Identify a Lead Organization

Building a network and activating a network for benefit the community it serves are two necessarily intertwined but very different endeavors. After the network launches, it is critical to make sure that an individual or organization continues to think about how to leverage the community’s new infrastructure, how to avoid potential pitfalls of expanding digital divides, and how to engage the new “gigabit city” in the nation’s growing system for broadband innovation. In short, a new gigabit city needs a lead organization not just to drive the implementation of a broadband network but also to make sure that the realities of this new network live up to its promise and that the city continues to work toward the values and goals outlined in its gigabit playbook.

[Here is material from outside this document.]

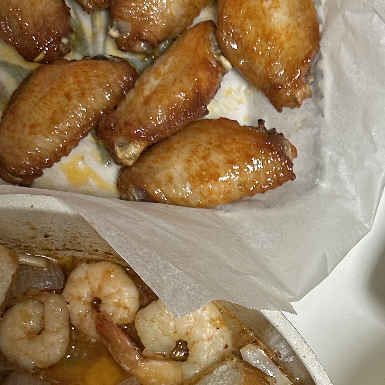 감바스를 만드는 동시에 버팔로윙을 예열한 에어프라이에 넣고 200도에 7분, 뒤집어서 5분 구워주면 완성! 겉을 더 바삭하게 굽고 싶으면 1-2분 더 돌리면 된다. 나는 껍질이 바삭한 걸 좋아해 껍질을 나중에 굽고 껍질 색을 보면서 더 구워준다.
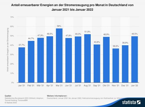 Die Statistik zeigt den monatlichen Anteil erneuerbarer Energien an der Stromerzeugung in Deutschland. Im Januar 2022 betrug er rund 49,5 %. Der Durchschnittswert für das Jahr 2021 lag bei insgesamt 45,7 %.

  • In some communities, such as Kansas City, the lead organization (Kansas City Digital Drive) has remained consistent throughout the building and activation phases of the network. However, in other cities such as Chattanooga, the lead agency has shifted as the needs of the community have changed.
  • Initially built and driven by EPB, the municipal utility, the Chattanooga Forward Technology, Gig, and Entrepreneurship Task Force recommended the creation of a separate organization to lead Chattanooga’s efforts to build a broadband network. Today, the Enterprise Center is charged with leading the city’s efforts to build gigabit applications, build an innovation economy, and bridge the digital divide.
  • It is important to ensure that the lead organization selected is stable and maintains a positive working relationship with key stakeholders. In Philadelphia, Pennsylvania, the EarthLink network was expected to solidify Philadelphia as one of the first major cities to own its own broadband network. A nonprofit organization was established to manage oversight of the provider and ensure that lower-income residents have access to the network. Due to financial troubles and operating restrictions placed on the provider, the network only existed for three years before operations ceased in 2008.

  • Whether it is the same organization that led the drive to get broadband, as in Kansas City, or an entirely new organization, as in Chattanooga, it is vital that there be a driving force helping the city to activate and leverage its new infrastructure.